Entrando allo stadio Old Trafford di Manchester, ed in particolare nello store ufficiale (molto affollato) dello United all'interno dell'impianto, ho intuito come facciano ad avere ogni estate circa 200 milioni da investire sul calciomercato. Vendono un po' di tutto, dalle magliette ai cappellini, dai poster ai portachiavi. Non dispongono però delle divise appartenute ai campioni della storia recente, per motivi legati ai diritti d'immagine. Infatti, tanto per fare un esempio, la maglia (autografata) di Eric Cantona è ben esposta al National Football Museum sempre a Manchester, e costa il triplo rispetto a quella di Rooney.

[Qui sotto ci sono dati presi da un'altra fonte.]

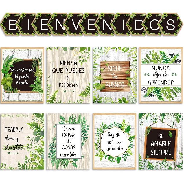 gisgfim 19 Pieces Bienvenidos Spanish Posters Spanish Motivational pirational Banner with Adhesive Dots for Kids Students Teacher Classroom
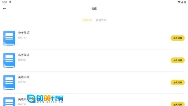 3、书库页面呈现了不同阶段的单词背诵书库,大家可根据需求自由挑选。

Ho mantenuto fedeltà alla mia squadra, evitando di arricchire i Red Devils (non sia mai che un giorno li affrontassimo in Champions League) con le 18 sterline che chiedono per la visita guidata sugli spalti dello stadio vuoto, accontentandomi di un giretto tra le mura esterne impregnate di storia. Fin qui, una sintesi del livello di merchandising del club più glorioso del Regno Unito. Il discorso cambia, tornando a Blackburn.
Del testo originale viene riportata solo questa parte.